U.S. company Air Products, which has major operations in the Washington-Baltimore area as well as around the world, was attacked by terrorists. The company issued a worldwide security alert following the attack, establishing defensive measures at its gas product facilities around the globe, including the United States.
“Security has been increased at Air Products’ locations around the world as a precautionary measure,” Air Products said from its headquarters in Lehigh Valley, Pa.
The attack was particularly gruesome, with an employee’s decapitated head reportedly being placed on a pole after militants crashed through a security gate. The terrorists then crashed their vehicle into one of the facility’s gas storage containers, causing an explosion.
Other attacks occurred nearly simultaneously in Kuwait and Tunisia and appeared to be coordinated. But the attack near Lyon stands out because it involves an industrial gas plant owned by a U.S. company. The Islamic State took credit for the attacks.
Air Products isn’t saying why its facility in France was targeted.

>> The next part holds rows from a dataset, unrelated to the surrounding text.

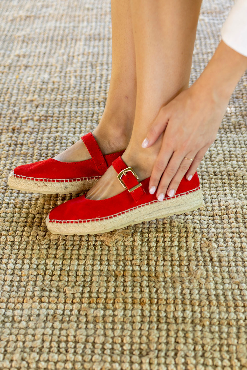 Alpargata estilo bailarina en gamuza, con pulsera ajustable con hebilla y punta redondeada que aporta un toque femenino y versátil.
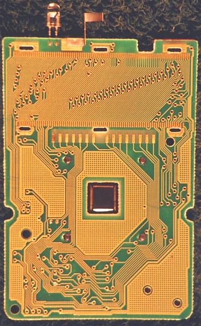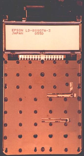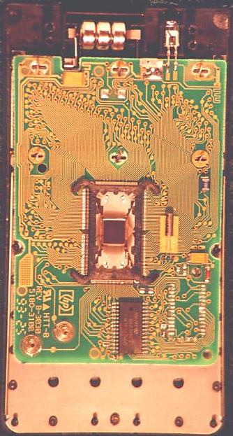 to front of calculator (~53K) Note CPU held in place by plastic backbone.
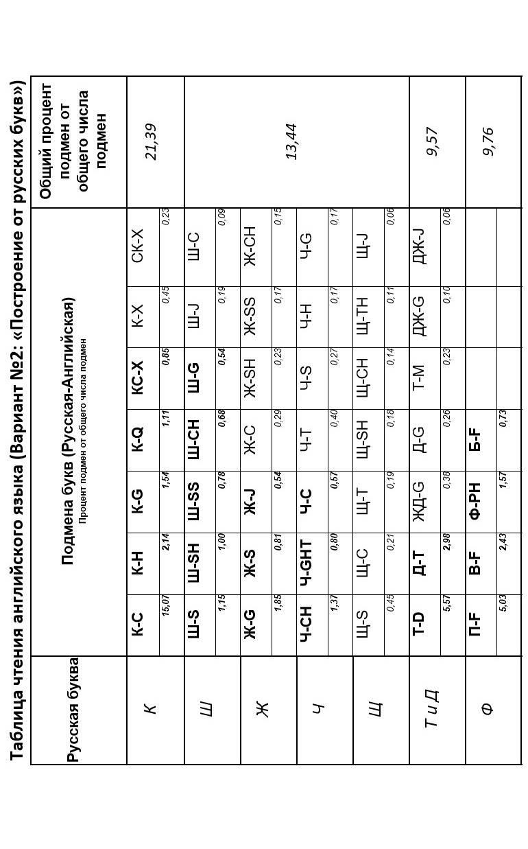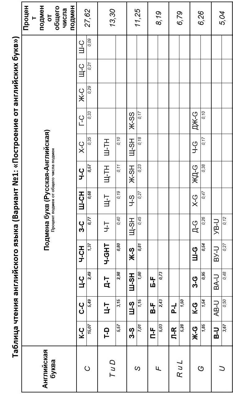 Короткий анализ таблицы чтения английского языка
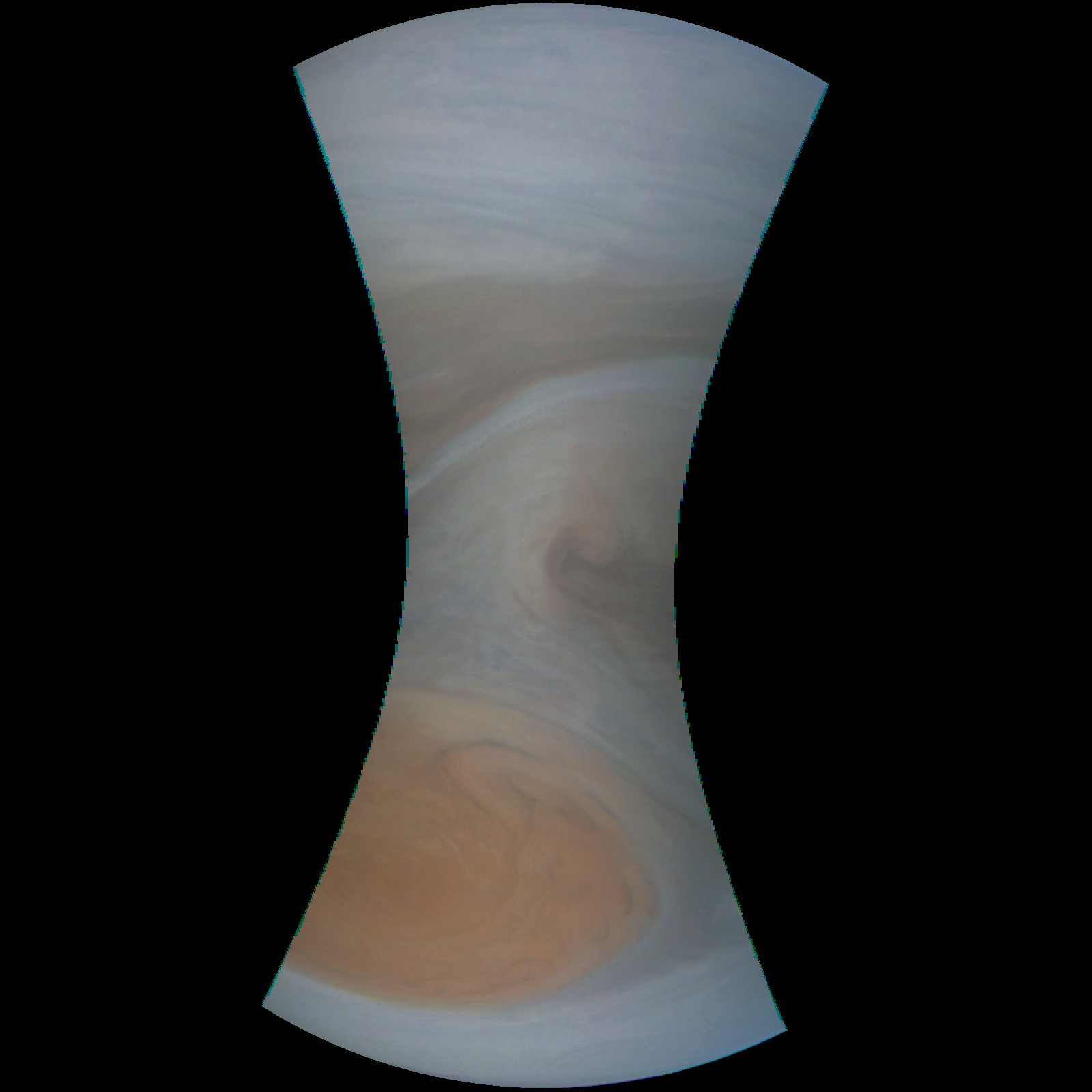 Junocam pixels are 12 bits deep from the camera but are converted to 8 bits inside the instrument using a lossless "companding" table, a process similar to gamma correction, to reduce their size. All Junocam products on the missionjuno website are in this 8-bit form as received on Earth. Scientific users interested in radiometric analysis should use the "RDR" data products archived with the Planetary Data System, which have been converted back to a linear 12-bit scale.
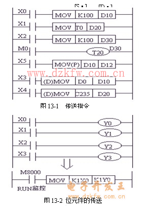 如圖13-2所示,可用MOV指令等效實(shí)現(xiàn)由X0~X3對Y0~Y3的順序控制。

Utilities in the U.S. have become more concerned about their natural gas storage facilities becoming a target for attack.
At a nuclear power summit earlier this year in Washington, former FBI director Robert Mueller said the Islamic State should be considered a growing threat to American energy infrastructure through cyber attacks. Others such as Southern Co. CEO Tom Fanning have said threats to the grid are a concern for the industry, which is working with the government to enhance security.

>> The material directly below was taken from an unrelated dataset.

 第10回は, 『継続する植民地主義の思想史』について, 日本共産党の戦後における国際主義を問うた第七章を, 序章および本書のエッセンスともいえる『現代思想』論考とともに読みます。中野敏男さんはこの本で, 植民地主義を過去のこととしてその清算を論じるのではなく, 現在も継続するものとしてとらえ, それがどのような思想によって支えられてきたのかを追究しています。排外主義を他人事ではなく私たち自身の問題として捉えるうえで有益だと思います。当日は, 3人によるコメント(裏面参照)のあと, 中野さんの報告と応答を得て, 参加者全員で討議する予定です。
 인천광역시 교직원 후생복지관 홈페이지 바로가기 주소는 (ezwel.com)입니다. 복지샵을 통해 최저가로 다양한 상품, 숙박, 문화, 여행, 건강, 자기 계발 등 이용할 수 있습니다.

Exelon raised concerns with federal officials during the April riots in Baltimore. The utility, parent of Baltimore Gas and Electric Co., was concerned its facilities would be attacked or vandalized, causing a detonation within a densely populated urban area, according to a recent news article.
The news website Vice News published an investigative news article on June 24 that said Exelon’s concerns forced the Department of Homeland Security and other agencies to dispatch federal officers throughout the city to guard against a natural gas explosion, whether intentional or otherwise.

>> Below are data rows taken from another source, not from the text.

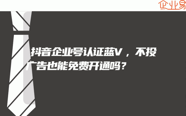 - 抖音企业号认证蓝V,不投广告也能免费开通吗?
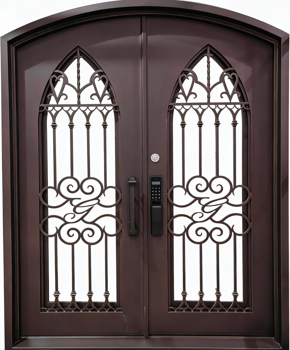 Welcome guests with bold elegance IWD1054 double iron doors feature Gothic-style arched panels adorned with custom “G” monogram scrollwork for a distinguished architectural touch. Crafted from powder-coated galvanized steel and fitted with operable double pane glass, this piece balances ornamental detail with durable construction to elevate any luxury façade.
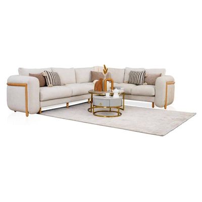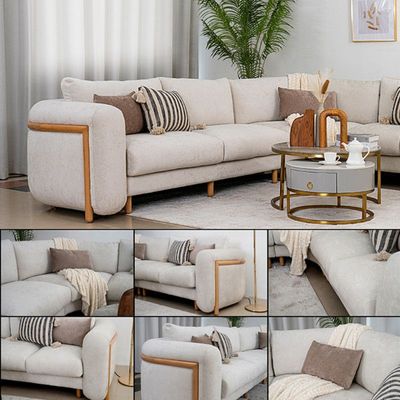 Introducing the exquisite Gaston Corner Sofa, Constructed with a sturdy wooden leg type, the sofa’s foundation exudes durability and stability, and the loose seat type enhances the seating experience, providing a delightful balance of plushness and support.
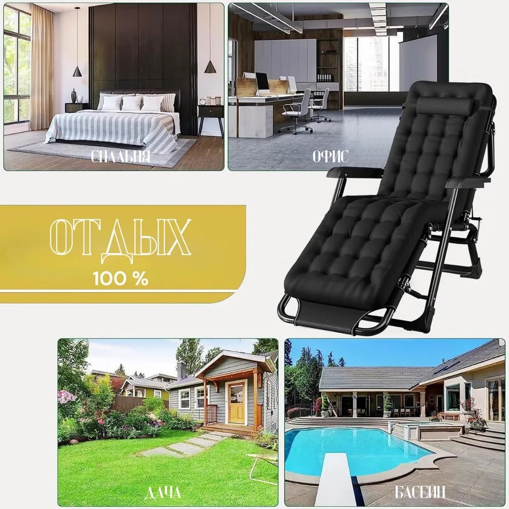 Что такое Кресло шезлонг для отдыха, с матрасом 3 в 1 нагрузка до 200кг цвет черный
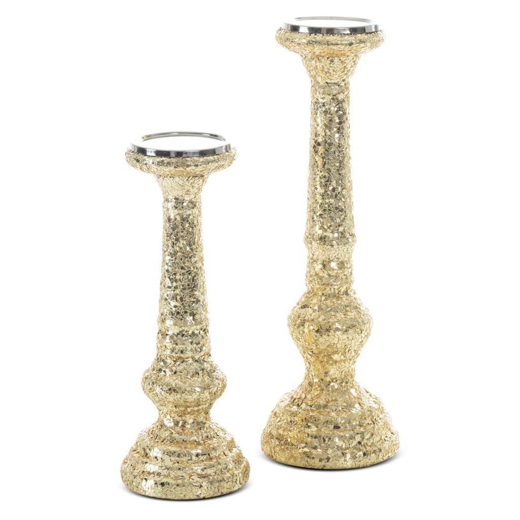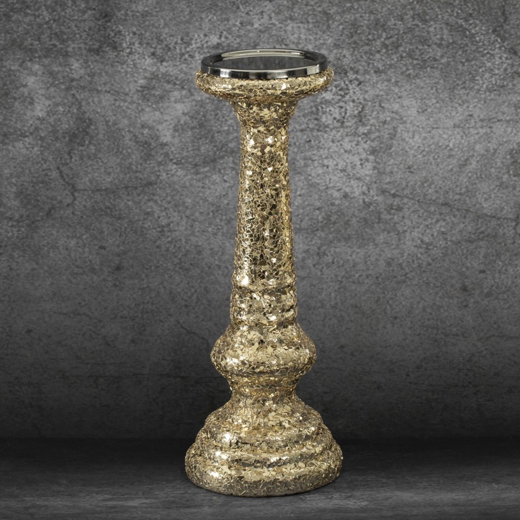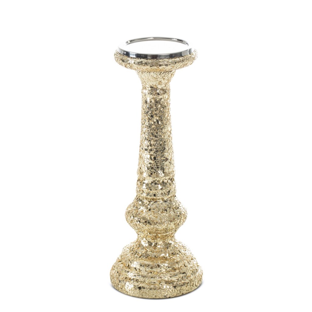 Dekorativní svícen, šířka: (fi) 12 cm, délka: 31 cm, barva: zlatá, složení: 95% sklo, 5% kov.Doplňkové parametry
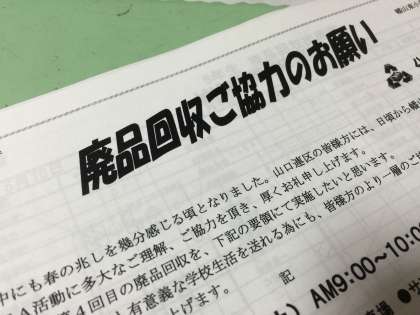 生活部の部長さんと打ち合わせ 公開日 2016/03/10 更新日 2016/03/10 PTA広報部 昨日の夕方、生活部の部長さんと打ち合わせすることができ、来年度の予定や「廃品回収」という名称を「資源回収」に変更するなど、非常に有意義な話し合いができました。また、終わったあとは、掲示板もご覧いただけました。1年間、よろしくお願いします。 いいね(0)
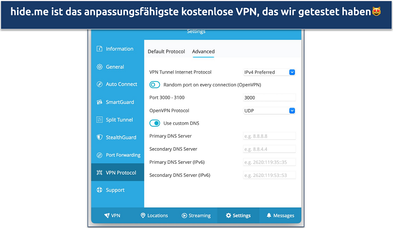 Mit hide.me kannst Du Deine Verbindung für PlayStation-Spiele umfangreich anpassen. Du kannst zwischen mehreren Protokollen wie WireGuard für mehr Geschwindigkeit oder OpenVPN für mehr Sicherheit wechseln. Außerdem kannst Du zwischen IPv4- und IPv6-Verbindungen wählen. Letztere können Deinen Ping senken, da sie NAT (Network Address Translation) umgehen und eine direktere Verbindung herstellen.

“Given the current scope of activity and expected protests this upcoming weekend, the potential exists for these containers to be targeted for vandalism or worse,” an April 30 Department of Homeland Security intelligence brief obtained by Vice News says.
The Air Products attack also raises the specter of what many security experts call an inevitable physical or cyber attack on the U.S. electricity grid.
The nation’s electric grid cannot be guarded at all times. Case in point, the 2013 physical attack on Pacific Gas & Electric’s Metcalf transmission station in California. The attack was perpetrated by unknown assailants using high-powered sniper rifles to detonate electrical transformers within the substation, with the intent of bringing down California’s electric grid. The perpetrators were never caught.
The attack was not made widely known by the federal government until the former head of the Federal Energy Regulatory Commission said the attack should be labeled a terrorist attack.
Former FERC Chairman Jon Wellinghoff told the WallStreet Journal that the Metcalf attack is “the most significant incident of domestic terrorism involving the grid that has ever occurred.” He discussed the incident after he left the agency.
The attack spurred the commission, which regulates the power grid, to call for the development of mandatory physical security standards for the electric transmission system. The physical standards went into effect earlier this year.